--On Tuesday, August 06, 2019 9:27 PM -0400 David Magda dmagda@ee.ryerson.ca wrote:
You mention binary packages on the website:
The FAQ explicitly states:
"Official releases are in source form only." I don't know how that could be any clearer.
While things like MariaDB/PostgreSQL packages are in various distros, those projects provide repos that people can use with yum/apt to get the latest versions.

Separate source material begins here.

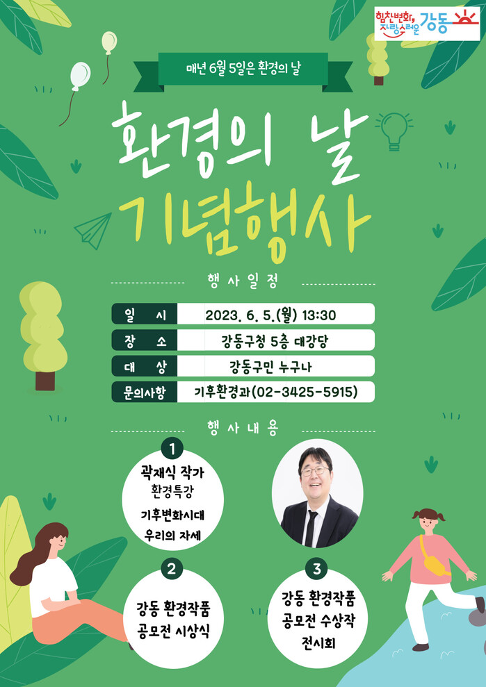 또한 특강에 앞서, ‘2023 강동 환경작품 공모전’ 수상자 표창 및 수상작 전시회를 진행한다. 총 417건의 응모작 중 최종 선정된 40건의 작품을 통해 미래세대 주역인 학생들의 환경에 대한 고민과 생각을 엿볼 수 있다.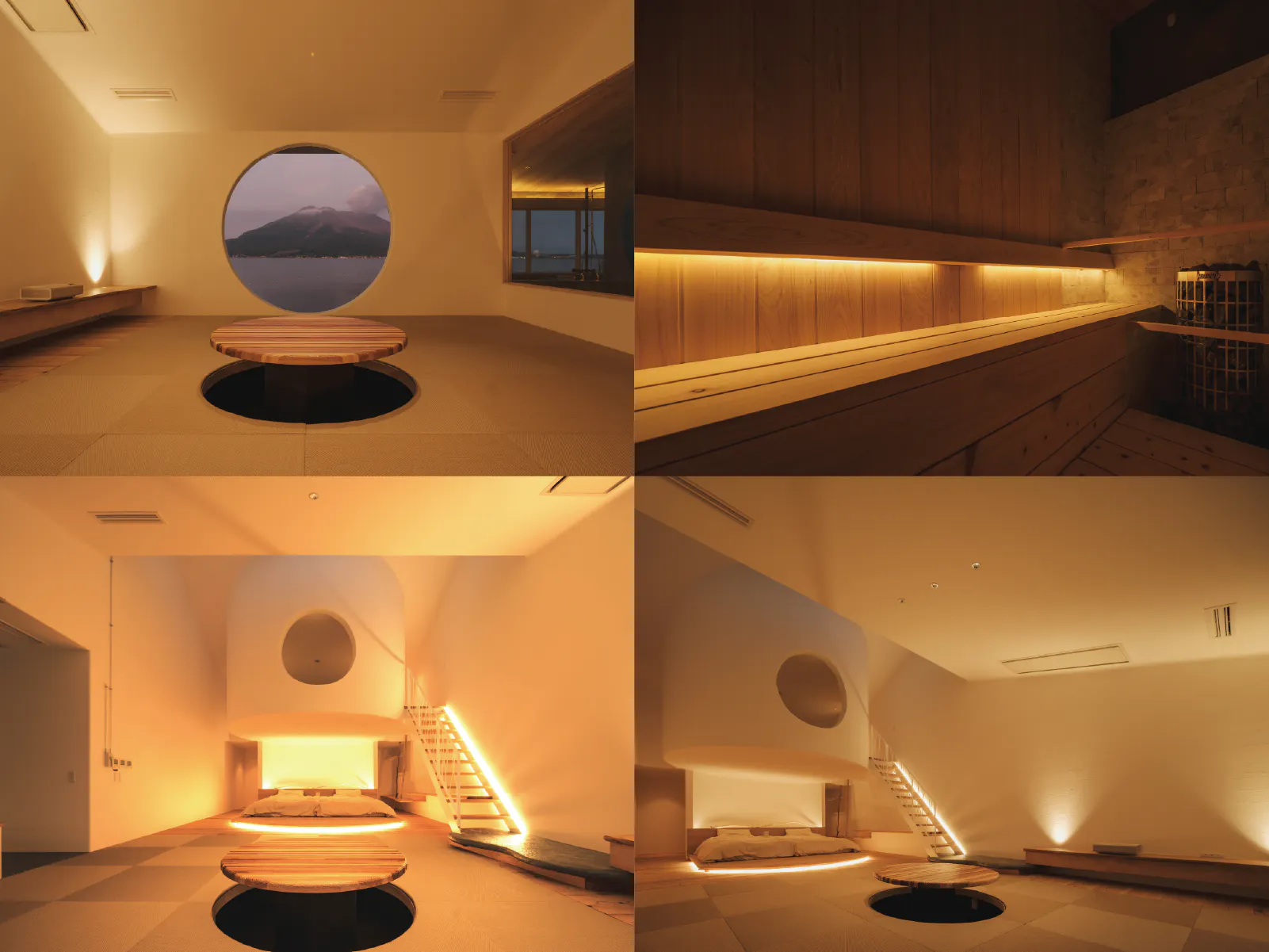 丸窓越しに映る桜島の景色は、まるで額縁に収めた一幅の絵のよう。サウナでととのい、丸窓の景色で心も丸く整う、そんな深い安らぎに寄り添うお部屋です。

Providing 'official' first-party packages, at least for RHEL/CentOS and perhaps Ubuntu (LTS), would go a long way towards allowing people to have all the newest bug fixes.
Ryan Tandy already provides backports for Ubuntu: https://launchpad.net/~rtandy/+archive/ubuntu/openldap-backports
The LTB project already provides builds for RHEL7: https://ltb-project.org/documentation/openldap-rpm#yum_repository
Symas already provides a freedrop in replacements for RHEL7, with optional support: https://symas.com/linuxopenldap/
People who write the list are already provided the information on these options. What would the project having yet another build of the same things provide?
So 2015 was quite product, but most of 2016-2017... not so much.
2015 had a lot of serious bugs in its release, the releases were rushed, and the result of rushing was bad. I don't think 2015 is a "good" example of how things should be done.